This is a useful matrix inverse equality. \newcommand{\T}{\mathsf{T}} \newcommand{\R}{\mathbb{R}}

Let X \in \R^{n \times d} and let \lambda > 0. We have that \begin{align} (X^{\T} X + \lambda I_d)^{-1} X^\T = X^\T (XX^\T + \lambda I_n)^{-1} \:. \label{eq:matrix_identity} \end{align} This is simple to prove, and to do it we will use the SVD of X. Write X = U \Sigma V^\T, where U \in \R^{n \times n}, \Sigma \in \R^{n \times d} and V \in \R^{d \times d}. Here, U,V are orthogonal matrices, and \Sigma_{ii} for i=1, ..., \min(n, d) contains the i-th singular value of X, which we write as \sigma_i \geq 0. We also let I_p \in \R^{p \times p} denote the p \times p identity matrix for any p \geq 1. Then the LHS is simply \begin{align*} (X^{\T} X + \lambda I_d)^{-1} X^\T &= ( V \Sigma^\T U^\T U \Sigma V^\T + \lambda I_d)^{-1} V \Sigma^\T U^\T \\ &= ( V (\Sigma^\T \Sigma + \lambda I_d) V^\T)^{-1} V \Sigma^\T U^\T \\ &= V (\Sigma^\T \Sigma + \lambda I_d)^{-1} V^\T V \Sigma^\T U^\T \\ &= V (\Sigma^\T \Sigma + \lambda I_d)^{-1} \Sigma^\T U^\T \:. \end{align*} Similarly, the RHS is \begin{align*} X^\T (XX^\T + \lambda I_n)^{-1} &= V \Sigma^\T U^\T (U \Sigma V^\T V \Sigma^\T U^\T + \lambda I_n)^{-1} \\ &= V \Sigma^\T (\Sigma\Sigma^\T + \lambda I_n)^{-1} U^\T \:. \end{align*} Hence, to finish the proof it suffices to show that \begin{align*} (\Sigma^\T \Sigma + \lambda I_d)^{-1} \Sigma^\T = \Sigma^\T (\Sigma\Sigma^\T + \lambda I_n)^{-1} \:. \end{align*} But this is immediate. Both matrices are equal to a rectangular matrix \Lambda \in \R^{d \times n} with entries \Lambda_{ii} = \frac{\sigma_i}{\sigma_i^2 + \lambda} for i=1, ..., \min(d, n) and zero everywhere else.

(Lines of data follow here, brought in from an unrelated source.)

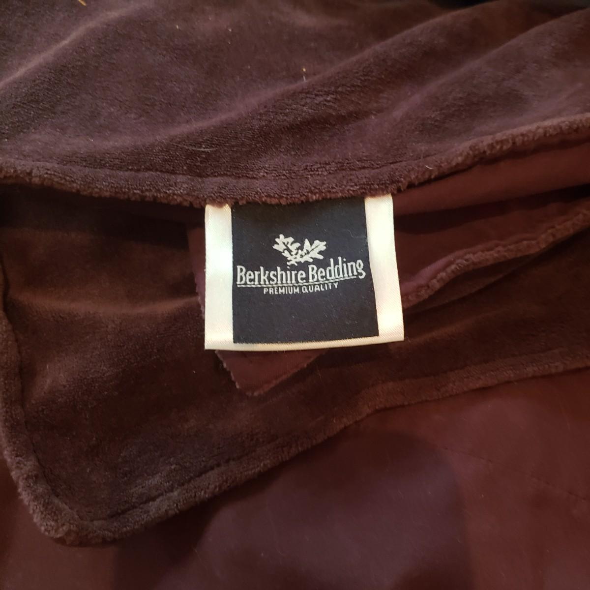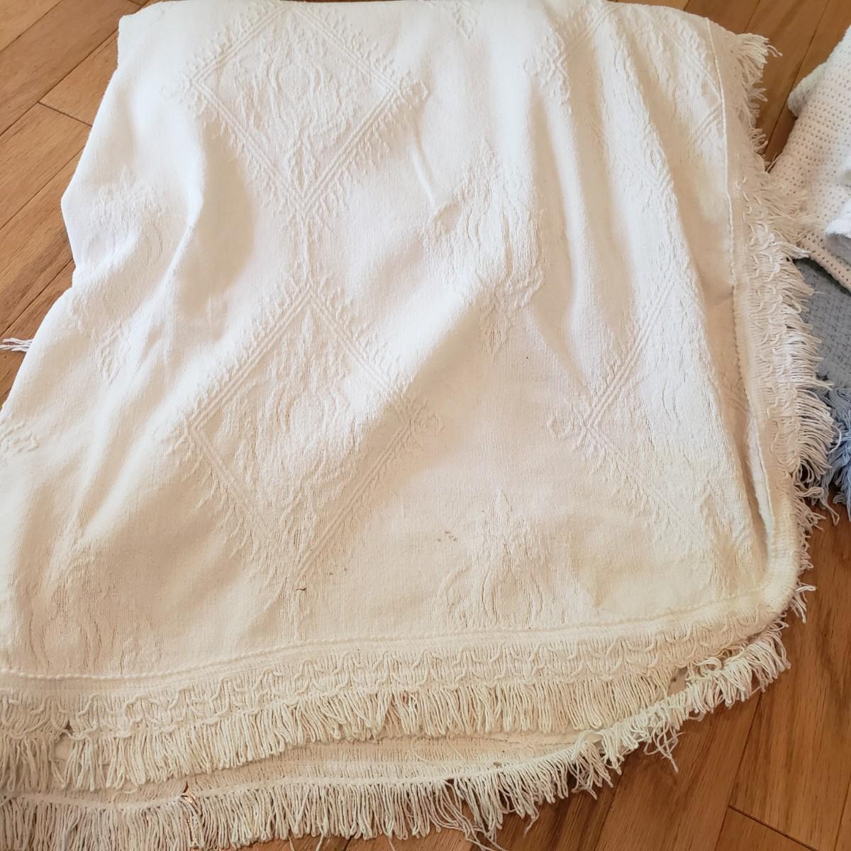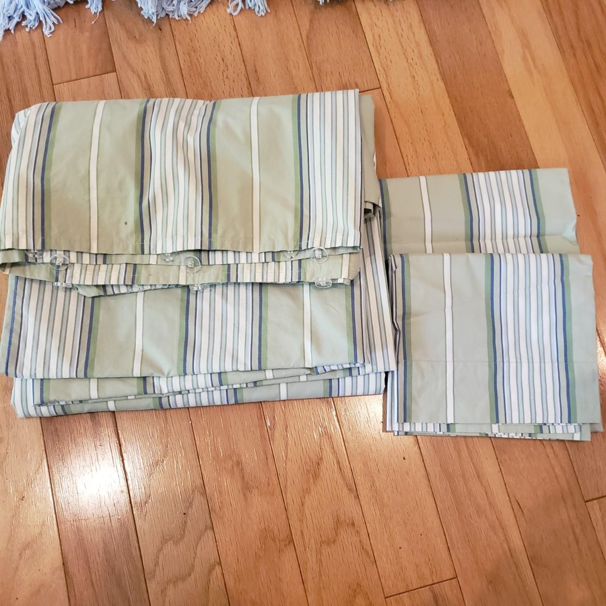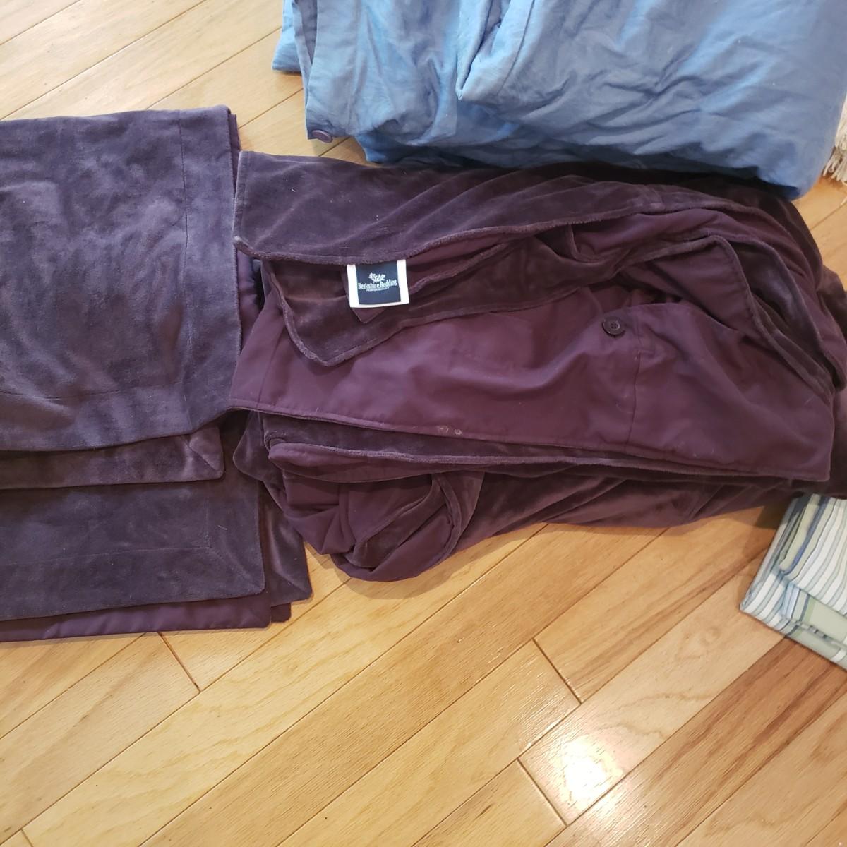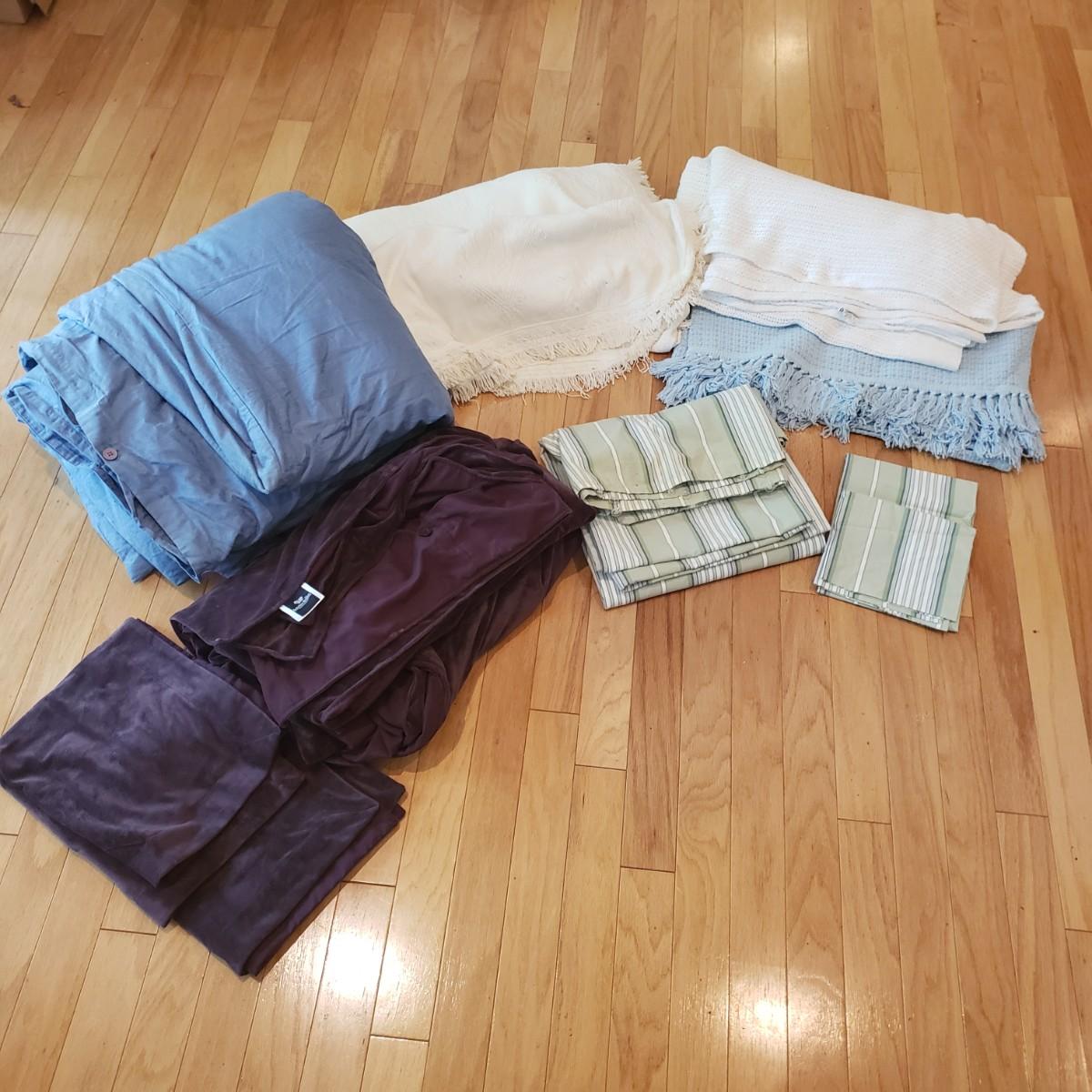 This double size bedding lot features three duvet covers, down comforter, pillow shams, a bedspread, blanket and throw blanket. The purple crushed velvet duvet by Berkshire Bedding comes with two pillow shams. It's super soft! The blue, cotton with a paisley print on it has a navy blue down comforter inside. The L.L. Bean duvet cover and two pillow shams have green and blue stripes and is 100% cotton. There is a cream colored cotton, fringed bedspread. There is a spot on the bottom corner, see picture. Lastly are two cotton blankets. The white one, by Cannon is a double size and the light blue is a throw style.
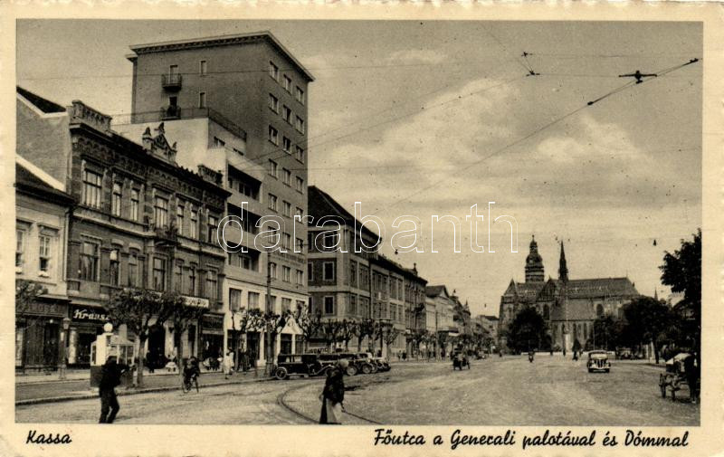 Kassa, Fő utca, Generali palota, Dóm, Krausz üzlete / main street, pal...
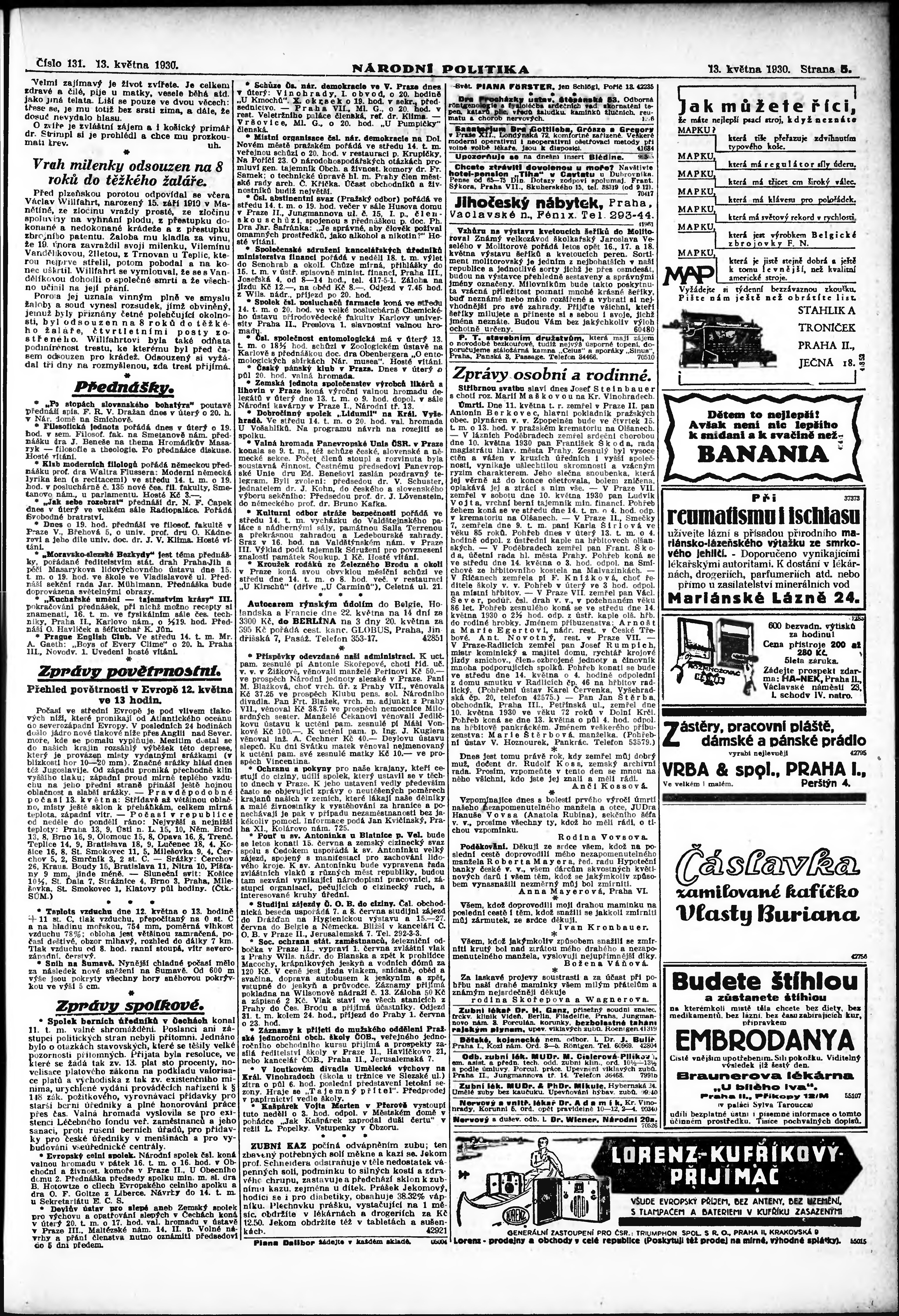 ranní vydání; vydání pro Prahu;

Edit: Originally I had claimed that X(X^\T X + \lambda I_d)^{-1} X^\T = XX^\T (XX^\T + \lambda I_n)^{-1}. While this is true, Daniel Seita pointed out to me that the stronger identity \eqref{eq:matrix_identity} holds (e.g. pre-multiplication by X is un-necessary).